■ **To do**:
Set down again, exactly and only, the lines from the one that contains "In a medium" through the last line of the records below, both included, but not the pictures.

■ **Exercise input**:
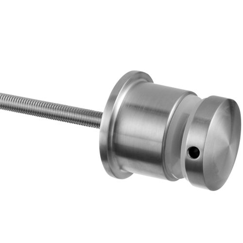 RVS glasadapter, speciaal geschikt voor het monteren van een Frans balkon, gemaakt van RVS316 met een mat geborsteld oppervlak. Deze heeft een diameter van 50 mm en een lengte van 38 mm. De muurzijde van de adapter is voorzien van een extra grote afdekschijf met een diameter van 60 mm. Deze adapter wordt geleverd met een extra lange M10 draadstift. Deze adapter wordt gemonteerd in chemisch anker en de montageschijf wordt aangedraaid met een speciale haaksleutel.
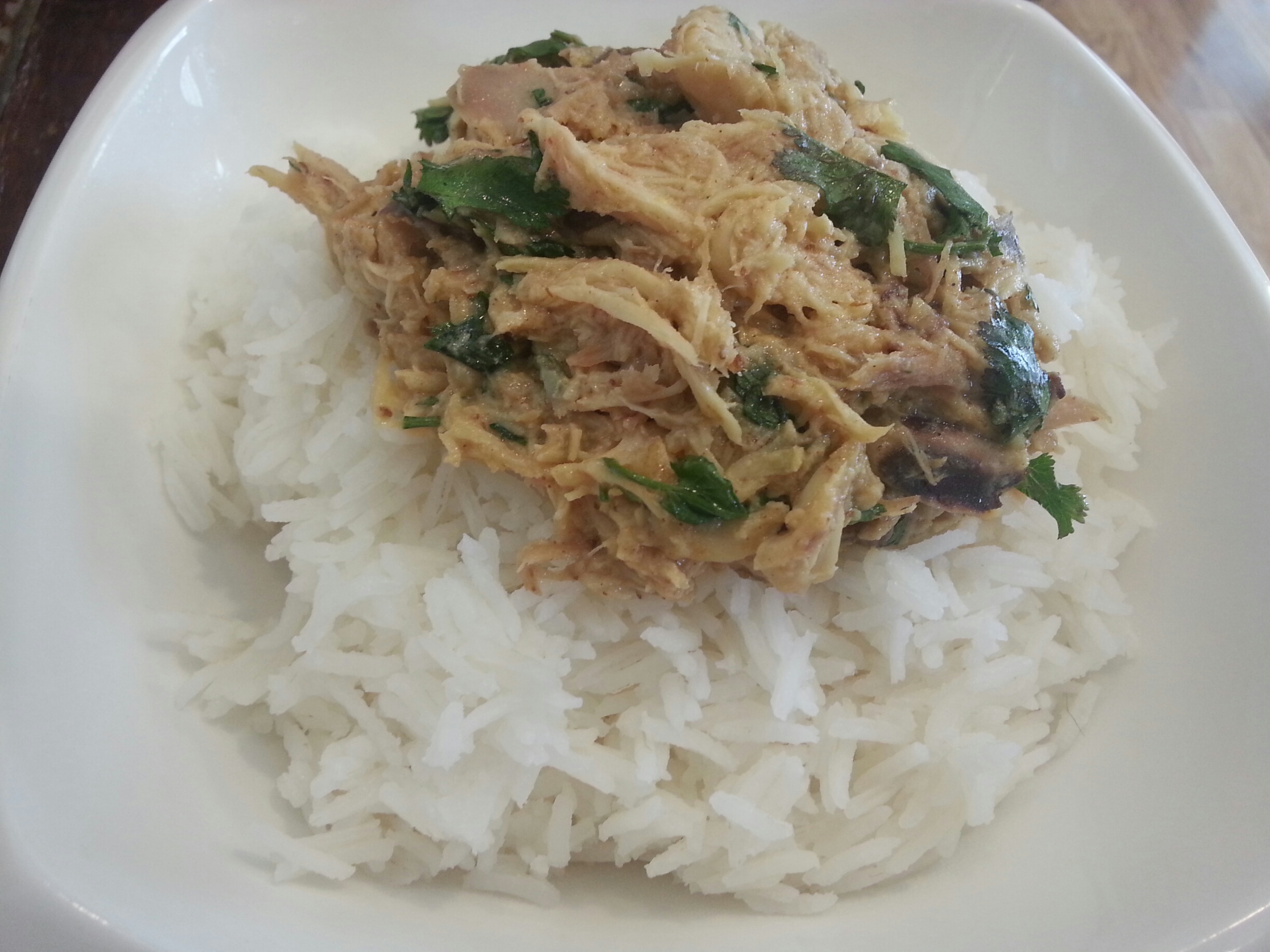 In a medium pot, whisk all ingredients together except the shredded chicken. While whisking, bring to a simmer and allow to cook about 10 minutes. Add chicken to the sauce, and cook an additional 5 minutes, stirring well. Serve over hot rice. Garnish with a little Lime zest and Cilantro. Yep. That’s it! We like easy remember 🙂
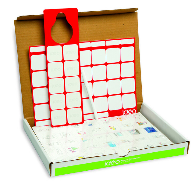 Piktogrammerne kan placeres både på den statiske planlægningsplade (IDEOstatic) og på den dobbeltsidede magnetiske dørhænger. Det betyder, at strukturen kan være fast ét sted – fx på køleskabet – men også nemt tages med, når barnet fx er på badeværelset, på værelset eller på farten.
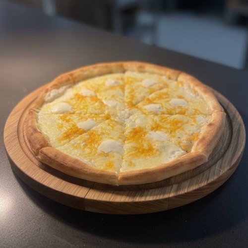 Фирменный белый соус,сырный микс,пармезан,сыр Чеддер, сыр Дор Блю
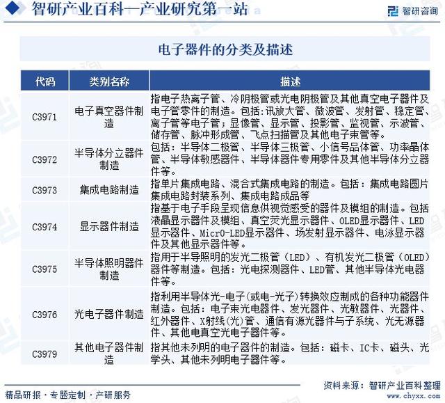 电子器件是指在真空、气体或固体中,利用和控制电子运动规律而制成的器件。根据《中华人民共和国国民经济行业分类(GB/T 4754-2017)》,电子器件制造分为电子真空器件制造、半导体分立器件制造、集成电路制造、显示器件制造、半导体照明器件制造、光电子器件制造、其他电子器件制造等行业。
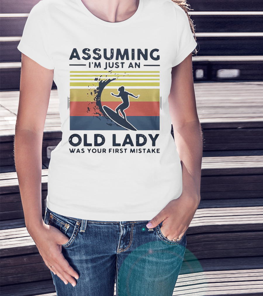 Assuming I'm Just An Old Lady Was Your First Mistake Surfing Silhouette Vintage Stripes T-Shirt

■ **Task result**:
 In a medium pot, whisk all ingredients together except the shredded chicken. While whisking, bring to a simmer and allow to cook about 10 minutes. Add chicken to the sauce, and cook an additional 5 minutes, stirring well. Serve over hot rice. Garnish with a little Lime zest and Cilantro. Yep. That’s it! We like easy remember 🙂
 Piktogrammerne kan placeres både på den statiske planlægningsplade (IDEOstatic) og på den dobbeltsidede magnetiske dørhænger. Det betyder, at strukturen kan være fast ét sted – fx på køleskabet – men også nemt tages med, når barnet fx er på badeværelset, på værelset eller på farten.
 Фирменный белый соус,сырный микс,пармезан,сыр Чеддер, сыр Дор Блю
 电子器件是指在真空、气体或固体中,利用和控制电子运动规律而制成的器件。根据《中华人民共和国国民经济行业分类(GB/T 4754-2017)》,电子器件制造分为电子真空器件制造、半导体分立器件制造、集成电路制造、显示器件制造、半导体照明器件制造、光电子器件制造、其他电子器件制造等行业。
 Assuming I'm Just An Old Lady Was Your First Mistake Surfing Silhouette Vintage Stripes T-Shirt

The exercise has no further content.